Device Power Management


Device power management in the kernel is made possible by the new
driver model in the 2.5 kernel. In fact, the driver model was inspired
by the requirement to implement decent power management in the kernel.
The new driver model allows generic kernel to communicate with every
device in the system, regardless of the bus the device resides on, or
the class it belongs to. 

The driver model also provides a hierarchical representation of the
devices in the system. This is key to power management, since the
kernel cannot power down a device that another device, that isn't
powered down, relies on for power. For example, the system cannot
power down a parent device whose children are still powered up and
depend on their parent for power. 


In its simplest form, device power management consists of a
description of the state a device is in, and a mechanism for
controlling those states. Device power states are described as 'D'
states, and consist of states D0-D3, inclusive. This device state
representation is inspired by the PCI device specification and the
ACPI specification [ACPI]. Though not all device types define power
states in this way, this representation can map on to all known
device types. 

Each D state represents a tradeoff between the amount of power a
device is consuming and how functional a device is. In a lower power
state (represented by a higher digit following D), some amount of
power to a device is lost. This means that some of the device's
operating state is lost, and must be restored by its driver when
returning to the D0 state. 

D0 represents the state when the device is fully powered on and ready
for, or in, use. This state is implicitly supported by every device,
since every device may be powered on at some point while the system is
running. In this state, all units of a device are powered on, and no
device state is lost.

D3 represents the state when the device is off. This state is also
implicitly supported by every device, since every device is implicitly
powered off when the system is powered off. In this state, all device
context is lost and must be restored before using the device
again. This usually means the device must also be completely
reinitialized.

The PCI Power Management spec goes on to define D3hot as a D3 state
that is entered via driver control and D3cold that is entered when the
entire system is powered down. In D3hot, the device may not lose all
operating power, requiring less restoration that must take place. This
is however, device-dependent. The kernel does not distinguish between
the two, though a driver theoretically could take extra steps to do
so. 

D1 and D2 are intermediate power states that are optionally supported
by a device. In each case, the device is not functional, but not
entirely powered off. In order to bring the device back to an
operating state, less work is required than reviving the device from
D3. In D1, more power is consumed than in D2, but more device context
is preserved.

A device's power management information is stored in struct
device_pm:

struct device_pm {
#ifdef CONFIG_PM
        dev_power_t     power_state;
        u8              * saved_state;
	atomic_t	depend;
	atomic_t	disable;
        struct kobject  kobj;
#endif
};

struct device contains a statically allocated device_pm object. The
configuration dependency on CONFIG_PM guarantees the overhead for the
structure is nil when power management support is not compiled in. 
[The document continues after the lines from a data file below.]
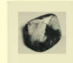
Kurt Schwitters: Stone, 1945-47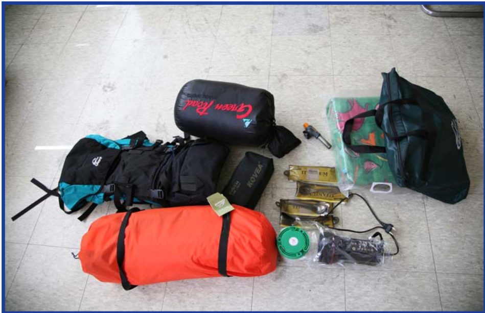
圖 3.5 調查員個人裝備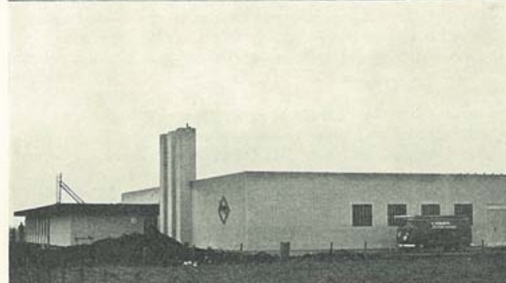
Frødamme med ny industri.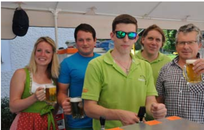
Frühschoppen Musikverein St. Georgen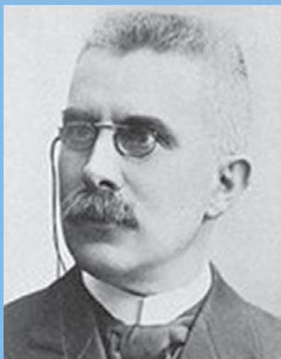
Henry Louis Le Châtelier (1850-1936)

Henry Louis Le Châtelier est un chimiste français, connu entre autres pour ses travaux sur :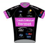
VELO CLUB MORTEAU MONTENOIT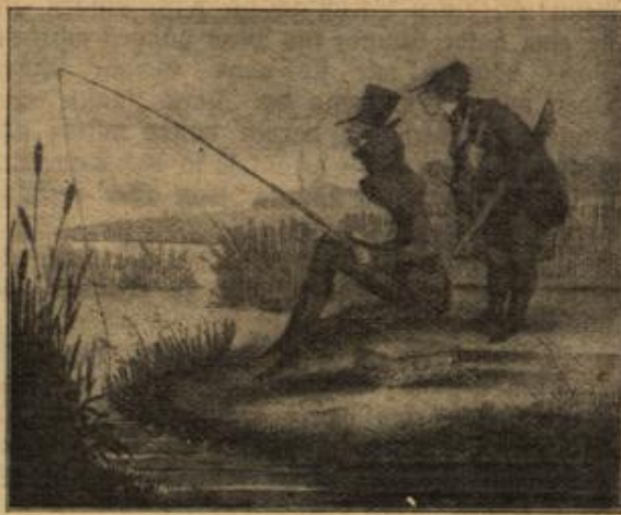
Satire vor hundert Jahren.

„Er könnte vielleicht genügend Nahrung in dieser großen Kiste mit sich führen. Aber ich glaube, das braucht er gar nicht. Sie sind doch auch schon im Osten gewesen! Erinnern Sie sich nicht

The kernel defines the following power states in include/linux/pm.h:

typedef enum {
        DEVICE_PM_ON,
        DEVICE_PM_INT1,
        DEVICE_PM_INT2,
        DEVICE_PM_OFF,
        DEVICE_PM_UNKNOWN,
} dev_power_t;

When a device is registered, it's initial power state is set to
DEVICE_PM_UNKOWN. The device driver may query the device and
initialize the known power state using

void device_pm_init_power_state(struct device * dev, dev_power_t state);


Controlling a Device's State

A device's power state may be controlled by the suspend() and resume()
methods in struct device_driver:

  int     (*suspend)      (struct device * dev, u32 state, u32 level);
  int     (*resume)       (struct device * dev, u32 level);

These methods may be initialized by the low-level device driver,
though they are typically initialized at registration time by the bus
driver that the driver belongs to. The bus's functions should forward
power management requests to the bus-specific driver, modifying the
semantics where necessary. 

This model is used to provide the easiest route when converting to the
new driver model. However, a device driver's explicit initialization
of these methods will be honored. 

The same methods are called during individual device power management
transitions and system power management transitions.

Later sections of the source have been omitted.